Tuesday, May 3, 2011

I love... Shanghai

My friend Emily noted how casually I mentioned that I was traveling to Shanghai for the weekend. To explain this, Kelly and I spent the whole trip there trying to think of the appropriate US comparison. True, it’s a plane ride, so it can’t be like Boston to NYC. Chicago seemed too far, so we finally decided that NYC to D.C. felt right. It’s definitely a trip, and a new city to explore, but it’s not a big leap. One of our co-workers goes to Shanghai so regularly that he couldn’t meet up with us while we were there because his tennis lesson turned into a tournament that lasted into the night.

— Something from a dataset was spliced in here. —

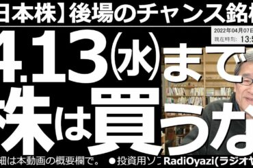 INVESTMENT 2022.04.07 【日本株-後場のチャンス銘柄】4月13日(水)まで、株は買うな! 日経平均は昨日から今日にかけて1,000円ほどの下落となっている。この後、来週の半ば頃まで下げやすい地合と考える。買いは慌てず慎重に。…

Nevertheless, being there did feel like a trip…back to America. I’d expected it to have a more western feel because in the 30’s it was built up by foreign businessmen. (In addition to the fact that Beijing, being the conservative, Mao-centered capital, has long held out from western influence.) Regardless, I was shocked at how much more cosmopolitan and orderly it felt on the streets of Shanghai. There were no giant piles of brick and dirt on the broken sidewalks. I was asked to wait on the sidewalk instead of in the street. I even saw a traffic cop stop a bicyclist who had “too many” cardboard boxes, (when in Beijing terms he had barely begun to stack.)

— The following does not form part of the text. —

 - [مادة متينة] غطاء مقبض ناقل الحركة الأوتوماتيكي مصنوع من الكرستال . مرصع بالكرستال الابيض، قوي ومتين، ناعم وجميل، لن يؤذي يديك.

I was never more convinced of the different feel of Shanghai than in People’s Square. Walking around the pathways in the park, looking at groups of people hanging out on the grass, I remembered Central Park for the first time in a long time.

Outside the Museum of Modern Art, which is in the square, we were stopped by some young Chinese tourists who asked us to take their picture. They asked us where we were from, and we said New York (for lack of a long conversation.) Their reaction was, “Ahh! Welcome to China’s New York!”

After the square we walked to The Bund, which is the downtown area of the city that faces the river. I’ve compared this view to the sculpture park in Astoria, as it faces the Pudong area of Shanghai.

Comment from Inside the Museum: I’m not one to comment on art, but one exhibit that struck me was an instillation of five shelves with broken eggshells. Inside the artist had written “random words from the English Language Book.” Each word was repeated many times in its shell in blue pen. I couldn’t help but wonder if this is how Chines people feel when we use their characters without regard to their meaning.